The Colony
- 2025 Book jacket
- Author: Annika Norlin
- Translator: Alice E. Olsson
- Subject: Alienation, Communal living in fiction
- Genre: Psychological fiction
- Set in: Norrland, Sweden
- Publisher: Weyler Förlag, Europa Editions
- Publication date: 2023
- Publication place: Sweden, United Kingdom, United States
- Published in English: March 25, 2025
- Media type: Print, E-book
- Pages: 399
- Awards: Vi magazine's 2024 literature prize
- ISBN: 979-8889660828
- OCLC: 1439565580

= The Colony (novel) =

2025 novel by Annika Norlin

The Colony is a Swedish novel written by Swedish pop star, Annika Norlin, and translated into English by Alice E. Olsson, The English version was published by Europa Editions in March 2025. The book was a bestseller in Sweden and is being adapted for television.

== Plot ==
The protagonist, Emelie, is burned out on her job and her life to the extent that she tosses her iPhone into a lake and seeks solace in the northern Swedish countryside and forest. There she encounters a group of seven people who have adopted the commune lifestyle during the previous fifteen years. There are three men, three women and a teenage boy. Yet, to Emelie, the group starts out as a mystery because each member of the group seems to maintain their individuality but live together in a wilderness communal setting.

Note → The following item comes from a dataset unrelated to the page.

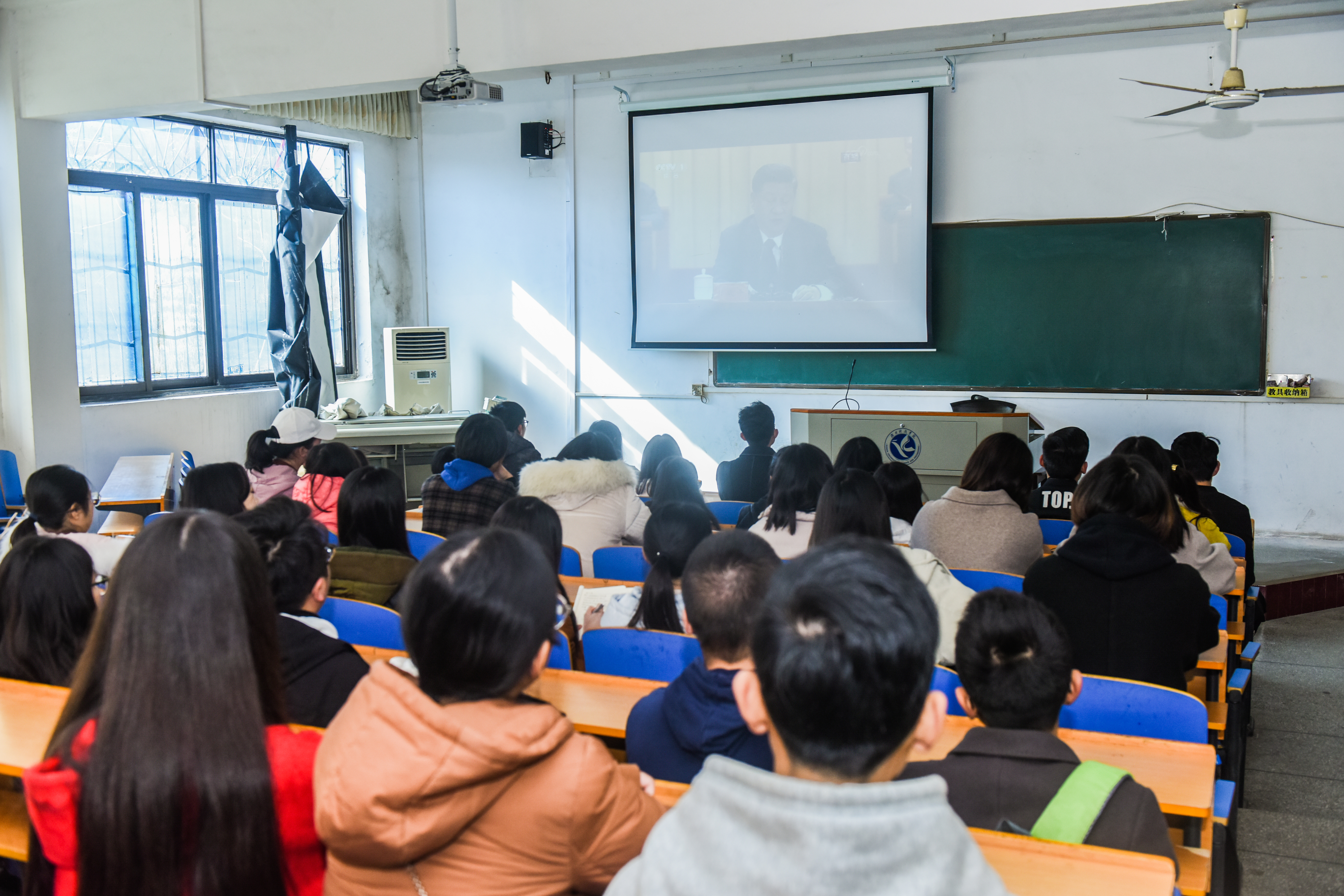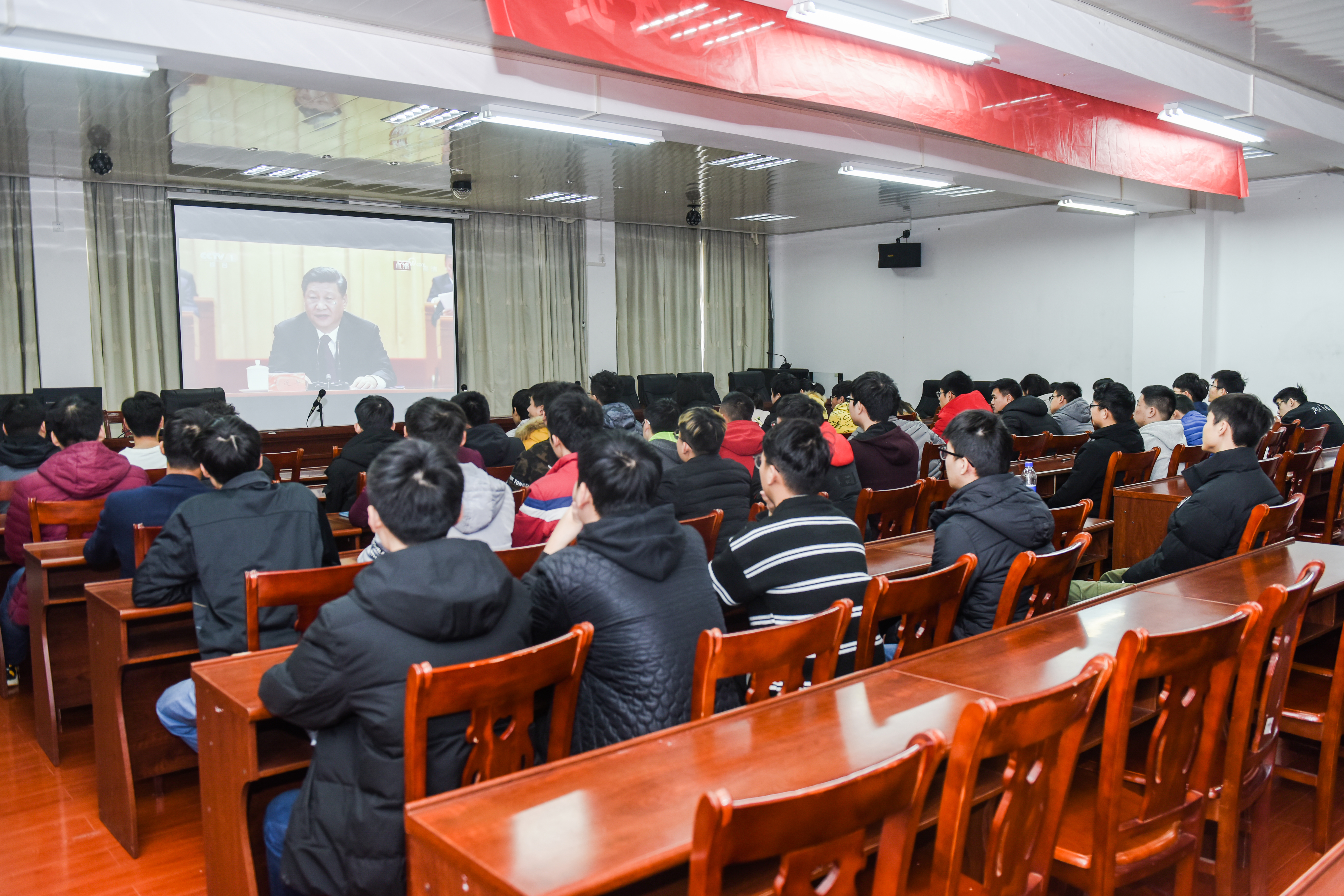 当大会中播放国歌的声音响起,全体师生起立同唱国歌。会上,习近平总书记发表重要讲话,回顾改革开放40周年的光辉历程,深刻总结改革开放的宝贵经验。“改革开放是我们党的一次伟大觉醒”“改革开放是党和人民大踏步赶上时代的重要法宝”“改革开放已走过千山万水,但仍需跋山涉水”……在观看直播的现场,广大师生全神贯注,仔细地聆听,详细地记录,频繁地点头示意,纷纷为报告精彩之处点赞,为改革开放40年的光辉历程感到无比骄傲,为伟大祖国的繁荣昌盛感到无比自豪。

Also when Emelie shows up, there is the question of whether, after fifteen years, the group can withstand the presence of an outsider. In his review for The Los Angeles Times, Charles Arrowsmith says that one of the colony's members, "Sagne, who was an entomologist before retiring to the woods," makes a superficial comparison of the group with an ant colony. Here, the fictional character Sagne says, "[e]veryone has a task for the community... Everyone is needed. No one has to know everything."

==Themes==
Joumana Khatib writing for The New York Times says that "the story’s open-ended questions — about the power of charisma and love and the boundaries between the individual and the greater good — arise organically, without forcing stale answers." And, according to The New Yorker magazine, another theme that emerges is "an extraordinary story about trying to find your place in modern society."

==Parallels==
Charles Arrowsmith, writing for the Los Angeles Times demonstrates parallels and connections between The Colony and other works.

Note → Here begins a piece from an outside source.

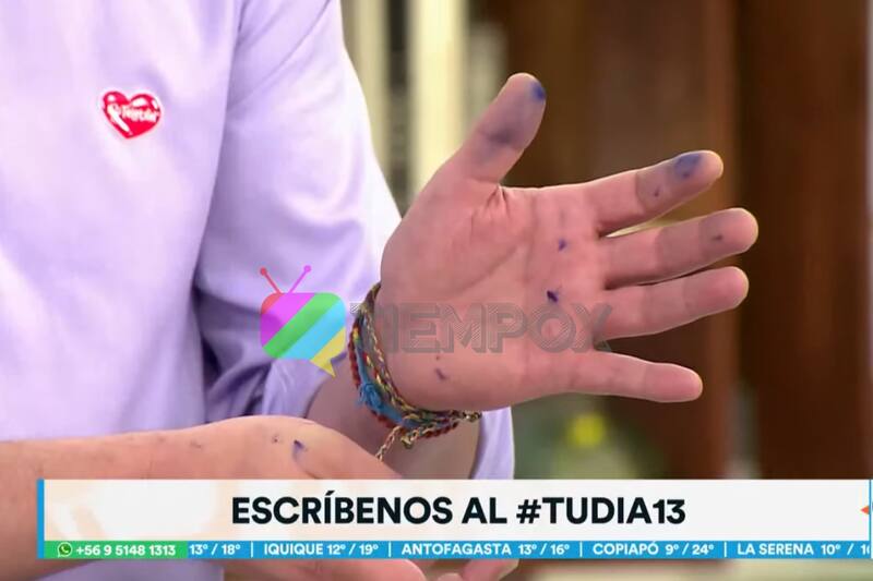 Sin embargo, a pesar de su felicidad, José Luis Repenning protagonizó un chascarro en a los pocos minutos de estar en pantalla, esto ya que se manchó sus manos con la tinta del lápiz pasta que estaba usando.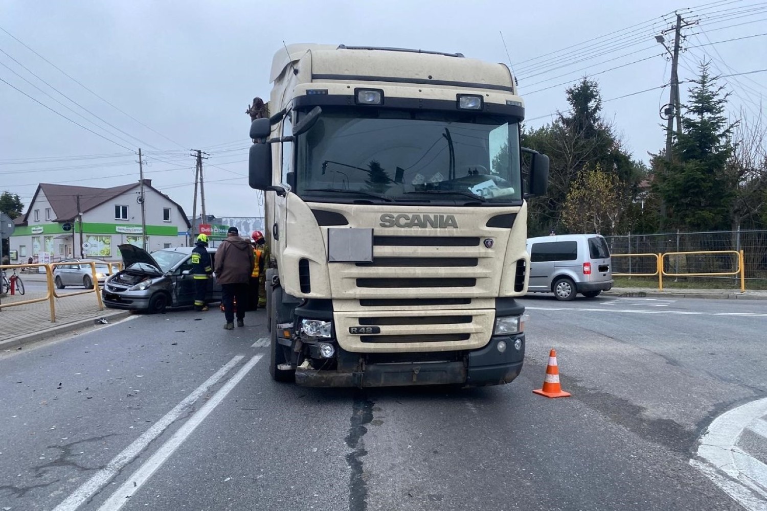 Zderzenie auta osobowego z pojazdem ciężarowym na trasie krajowej nr 9.

According to Arrowsmith, intense fatigue, or burnout, such as what happened to Emelie, is not new. Such a condition had been expressed years before by another well known author, Henry David Thoreau. He didn't have an iPhone to throw into a lake, but he did choose to leave the status quo and the mundane behind, and live in the woods for two years, very close to Concord, Massachusetts.

Arrowsmith also says that back in 1854, Thoreau saw how small details could overwhelm people. Thoreau additionally lamented how people craved hearing the latest news, similar to our modern day iPhone habits. Thoreau’s well known remedy was: “Simplify, simplify.”

Arrowsmith furthermore says that the easy appeal of The Colony is recognizable to American audiences. After all, "[t]he search for meaning, authenticity and adventure in the wilderness is a Great American trope." This is seen not only in Thoreau, but also Melville's Ishmael, who came to a similar conclusion that conventional life amongst society was too much. So he sought an abrupt change in lifestyle and scenery. Similar examples are Chris McCandless in "Into the Wild," and the author Cheryl Strayed. Arrowsmith says that "[t]hese works typically offer sociopolitical commentary along with the fishing and sleeping bags — and “The Colony” is no different."

==Reception==
Khatib of The New York Times says that the author's "observations are intercut with chapters focusing on each of the Colony’s members, in the past and present. Norlin is in full command of her characters’ histories and marshals a tremendous level of detail.

The New Yorker says that the author, Norlin, "has a wonderfully unpredictable way of writing. It’s both journalistic and poetic, and she moves back and forth between the registers in a way that few writers can. She leans toward the reportorial, but there are beautiful sentences hidden throughout, and when you find one it just knocks you over."

==About the book==
This book was originally published in Sweden in 2023 by Weyler Förlag under the title Stacken, which translates to Ant Hill in English. Stacken won the Vi magazine's 2024 literature prize. Before writing the book, Norlin herself went through a period of exhaustion. After this she developed a strong desire to be in the forest. Black ants became a source of inspiration for this book after they invaded her home. In this interview Norlin also discusses "group dynamics, anxiety, alpha females" and the desire to write.